Im Alter von etwa sechs Monaten beginnen die Eisen- und Zinkspeicher des Babys, die während der Schwangerschaft angelegt wurden, zu schwinden und müssen durch die Zufuhr von fester Nahrung wieder aufgefüllt werden. Muttermilch ist zwar ideal für Babys, enthält aber kein Eisen – ein wichtiger Nährstoff, der für das Wachstum des kindlichen Gehirns benötigt wird.

Welche Nahrungsmittel helfen meinem Baby beim Wachsen?

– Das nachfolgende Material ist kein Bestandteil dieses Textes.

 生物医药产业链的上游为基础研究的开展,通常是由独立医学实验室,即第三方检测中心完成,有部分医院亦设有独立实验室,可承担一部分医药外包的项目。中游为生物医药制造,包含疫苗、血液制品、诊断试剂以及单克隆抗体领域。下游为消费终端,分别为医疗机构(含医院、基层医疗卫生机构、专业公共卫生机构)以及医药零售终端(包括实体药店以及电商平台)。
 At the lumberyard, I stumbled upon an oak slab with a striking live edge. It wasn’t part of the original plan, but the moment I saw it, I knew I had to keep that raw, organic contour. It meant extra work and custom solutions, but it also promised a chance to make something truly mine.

Bieten Sie Ihrem Baby ab einem Alter von etwa sechs Monaten pürierte Nahrung an, nachdem es seine Milch bekommen hat. Lassen Sie sich nicht hetzen und nehmen Sie sich Zeit. Genau wie wir haben auch Babys Vorlieben für bestimmte Geschmacksrichtungen, die sie mögen oder nicht mögen. Teilen Sie Ihre eigenen Speisen mit ihnen, geben Sie ihnen kleine Kostproben, vermeiden Sie es, ihnen “spezielle” Speisen zuzubereiten, und vor allem: Füttern Sie nicht nur ihren Bauch, sondern auch ihren Geist. Gespräche am Tisch und gemeinsame Mahlzeiten in der Familie fördern die Entwicklung des Gehirns und die soziale Bindung des Babys. Es gibt auch viele Fütterutensilien mit pädagogischen Designs, die den Fokus vom Essen ablenken und das Füttern für Ihr Baby interessanter und unterhaltsamer machen.

Milch

Bieten Sie Ihrem Baby bis zum Alter von etwa acht Monaten weiterhin Milch vor fester Nahrung an, dann können Sie diese Reihenfolge umkehren.

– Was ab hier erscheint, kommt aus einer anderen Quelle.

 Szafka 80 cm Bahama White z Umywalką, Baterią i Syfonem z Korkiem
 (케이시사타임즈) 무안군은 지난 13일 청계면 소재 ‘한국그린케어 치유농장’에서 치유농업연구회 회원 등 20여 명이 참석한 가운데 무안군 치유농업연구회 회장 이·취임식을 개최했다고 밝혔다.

Stillen Sie so lange, wie Sie und Ihr Baby dies wünschen. Es ist sowohl für Mütter als auch für ihre Babys von Vorteil, bis zu zwei Jahre und darüber hinaus zu stillen.

Muttermilch oder Säuglingsnahrung sollten während des ersten Jahres die Hauptnahrungsquelle für Ihr Baby sein.

Milch enthält mehr Kilojoule als feste Nahrung.

Alter 0-6 Monate:

Anzahl der Milchfütterungen pro Tag: Etwa 6 pro Tag – bei Neugeborenen mehr

Anzahl der festen Mahlzeiten pro Tag: Keine

Texturen der festen Nahrung: Keine feste Nahrung empfohlen

Alter 6-9 Monate:

Anzahl der Milchfütterungen pro Tag: 4-5 pro Tag

Anzahl der festen Mahlzeiten pro Tag: Beginnen Sie mit 1 Mahlzeit pro Tag und steigern Sie dann langsam auf 3

Textur der festen Nahrung: Hauptsächlich püriert, aber einige Klumpen

Alter 9-12 Monate

Anzahl der Milchmahlzeiten pro Tag: 3-4 pro Tag

Anzahl der festen Mahlzeiten pro Tag: 3 Hauptmahlzeiten und 2 Zwischenmahlzeiten

Textur der festen Nahrung: Zunehmend klumpige und strukturierte Nahrung, die gekaut werden muss

Alter: Ab 12 Monaten

Anzahl der Milchmahlzeiten pro Tag: 3-4 pro Tag

Anzahl der festen Mahlzeiten pro Tag: 3 Hauptmahlzeiten und 2 Zwischenmahlzeiten

Texturen der festen Nahrung: Zerkleinerte Nahrung, die viel gekaut werden muss. Selbstfütterung fördern.